Typically, financing for free-trade zones has come from the private sector, since development bank funds usually go to more capital-intensive infrastructure projects like roads, phone lines and ports.

Zona Franca de La Plata -- located 70 kilometers south of Buenos Aires -- in January became the first of Argentina's foreign trade zones. This project, requiring investments of $92 million over the next 25 years, has its own intermodal container port with a 300-meter-long dock. Only an hour's drive from Ezeiza International Airport, the zone allows access to a large market not only within Buenos Aires province but to other provinces and nearby countries as well. La Plata, with a five-year limit on storage of goods, will also have its own port operating by year's end.

In April, the city of Justo Daract, in the northwestern province of San Luis, became Argentina's second free zone. This zone enjoys access to both Atlantic and Pacific ports; unlike La Plata, it imposes no time limit on the storage of goods. The Villa Reynolds Airport, 10 kilometers away, can accommodate aircraft as large as Boeing 707s and Hercules C-130s.

Yet the U.S. Embassy notes that "the location of Justo Daract in the center of the country might be considered less advantageous than that of La Plata. The zone has neither ports nor a commercial center of the magnitude of Buenos Aires, 660 kilometers away. The products that move through this zone generally, at some point in their shipment, move on to Santiago, Chile, 700 kilometers away, by highway or by air. By land many products can be transported to or from Chilean ports in Valparaiso and Puerto Bandera."

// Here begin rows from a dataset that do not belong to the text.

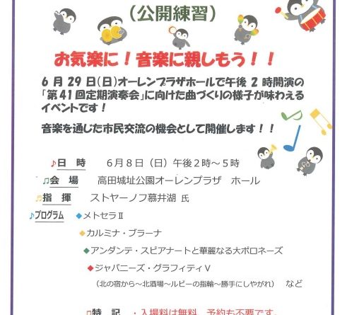Read moreお気楽に!音楽に親しもう! 6月29日(日曜日)オーレンプラザホールで午後2時開演の「第41回定期演奏会」に向けた曲づくりの様子が味わえるイベントです! 音楽を通じた市民交流の機会として開催します! 開催時間:午
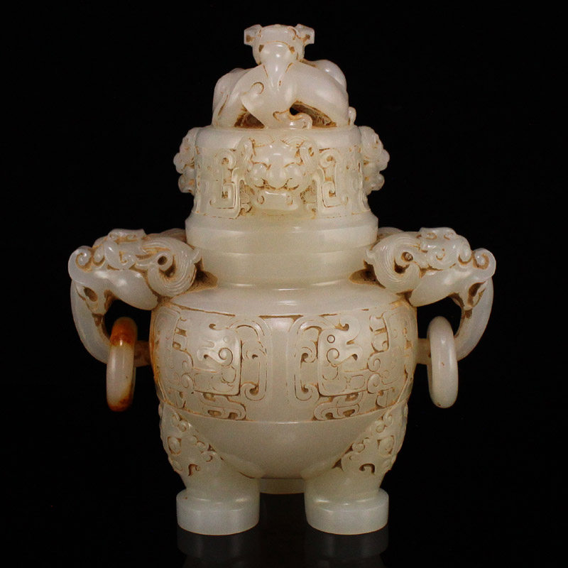 Цена укуса Синьцзян Хетиан нефритовый древний нефритовый старый нефрит скульптура резня с двойным животным двойным животным кольцевым кольцом
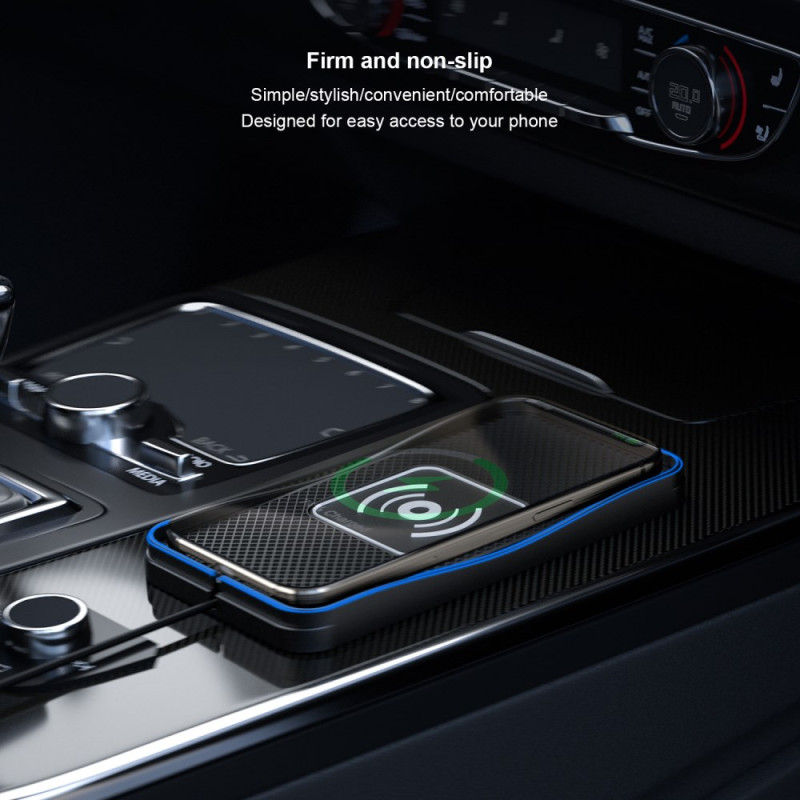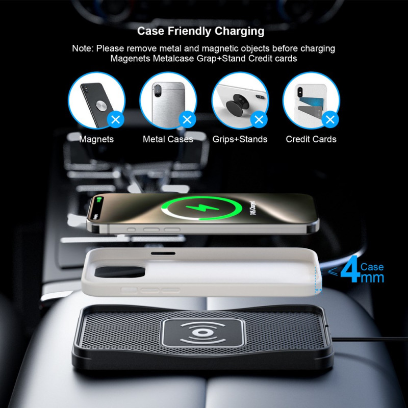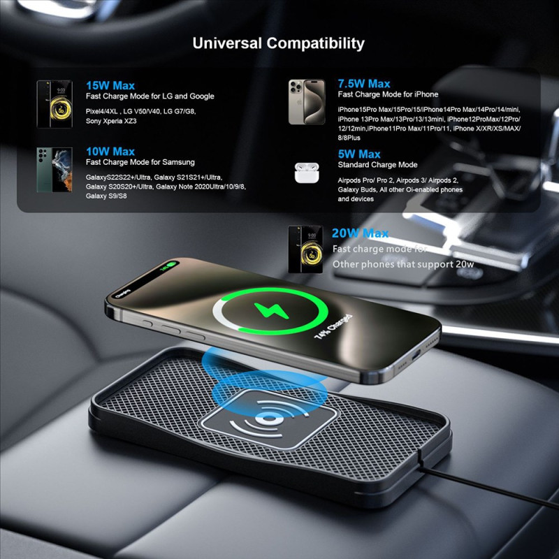 Chargeur sans fil pour voiture offrant une recharge rapide jusqu'à 20W. Doté d'un pad antidérapant en silicone pour maintenir votre téléphone en toute sécurité pendant la conduite. Installation facile sans modification du véhicule, avec câble de 1 mètre.

Besides the two foreign trade zones already established, the Argentine government is planning a third zone in Lujan de Cuyo, 18 kilometers south of Mendoza -- mainly to promote the development of foreign trade with Chile.

A contract for the project was signed Aug. 13 between the provincial government and a local construction company. The 150-hectare zone, next to an existing industrial park, will be finished within 10 months. New buildings are to house the customs office, administrative authorities and warehouses.

Nestled in the Andes, Mendoza covers 93,671 square miles (approximately the size of Wyoming) and produces everything from oil and uranium to livestock and premium wines. Mendoza's unemployment rate currently stands at 7.4% -- less than half Argentina's national average of 17%.